The clinical application of Single Photon Emission Computed Tomography (SPECT), as a modality to assess myocardial perfusion is growing worldwide, especially in the screening protocol for diabetics with risk of CAD. The accuracy of SPECT for myocardial perfusion is approaching that of Positron Emission Tomography (PET) [61] with the emergence of vasodilator stress SPECT myocardial perfusion imaging. This is of enormous value in patients who are unable to complete a symptom limited exercise test due to obesity, PVD or peripheral neuropathy, where therapeutic intervention may be required. Medical stress test with SPECT imaging assesses myocardial ischemia with sensitivity of 91-96% and specificity of 75-82%. [43] The information from doing a gated SPECT has incremental prognostic value over coronary angiography in patients with known or suspected ischemic heart disease.[62] This has definite advantages over clinical, electrocardiographic, lab and resting echocardiographic data, as it describes the severity and extent of stress-induced myocardial perfusion abnormality. The clinical outcome of the patient can be better predicted on the basis of ischemic abnormalities on noninvasive testing, than the presence or absence of angina. [63] The presence of reversible defects in SPECT myocardial perfusion imaging can define a silent MI in diabetics. [15],[64],[65]

Positron Emission Tomography

PET has several advantages over SPECT for cardiac imaging, including better spatial resolution, higher sensitivity and the ability to measure tracer distribution in absolute terms as a function of time. PET can assess myocardial perfusion and metabolism.

Other modalities of screening

Left ventricular hypertrophy

Left ventricular hypertrophy (LVH) detected by ECG or echocardiography can be used as a predictor for CAD in asymptomatic diabetics. [66]

Carotid intimal medial thickness

Carotid intimal medial thickness (CIMT), measured by B-mode ultrasonography is a noninvasive and easily applicable method of documenting the atherosclerotic process in adults. [67] Intima- media complex thickening greater than 0.8 mm is abnormal and represent the earliest marker of atherosclerotic burden in asymptomatic population.
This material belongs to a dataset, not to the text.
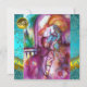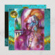 Cena de sacada da tragédia de Romeu e Juilet de William Shakespeare .Pintura aquosa contemporânea original com ouro, folha de prata e cores iridescentes em cores roxas brilhantes, rosa, verde, laranja amarelo, téal, turva, branca .Pintura de Búlgaro Lumini (c).Esta carta legal e artística é perfeita para casamentos, chás de panela, festas de dança, festas ,,noivados românticos,salvar anúncios de data, coquetéis, celebrações, aniversários, encontros,

Asymptomatic patients with increased CIMT are predisposed to increased risk of MI. [68] The relation between CIMT and presence of CAD is independent of other cardiovascular risk factors. [69]

Ankle brachial index

ABI is the ratio of the blood pressure in the lower legs to the blood pressure in the arms. A diminished ABI is a sensitive indicator of increased risk for future cardiovascular events. [21] This index reclassifies a substantial proportion of patients towards the high-risk category of developing cardiovascular diseases. [70]
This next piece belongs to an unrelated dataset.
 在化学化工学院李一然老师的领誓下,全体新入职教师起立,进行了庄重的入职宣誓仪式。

Cardiac autonomic neuropathy

Various studies have suggested an association between autonomic neuropathy and asymptomatic ischemia. [71],[72],[73] A decreased heart rate response to Valsalva manoeuvre is associated with moderate to large perfusion defects on radionuclide myocardial imaging.[15]


   Conclusions Top


Although it remains controver­sial to screen asymptomatic patients with diabetes, screening patients with a limited func­tional status is probably a reasonable approach for people at moderate to high risk of underlying CAD. An exercise TMT can be a safe and effective initial screening test in patients who can exer­cise and have a normal baseline ECG. If, based on the assessment, a tread­mill stress test is not the best study for a particular patient, an imaging study may be considered. Screening should also be con­sidered in patients with an abnormal ECG tracing suggestive of ischemia or infarction. If the results of an anatomi­cal study, such as CCS or CCTA, are abnormal, a functional study, such as a nuclear stress or stress echocardiog­raphy study, is recommended to assess for the presence of ischemia. Coronary arteriography remains the gold standard for identifying obstructive lesions, though it is never used as an initial screening test.


   Future Top


Further research is needed for identification of diabetics at high risk of developing acute coronary events that are precipitated by plaque rupture and thrombosis. Future studies in this field should aim on use of biomarkers and genetic testing along with the present imaging techniques.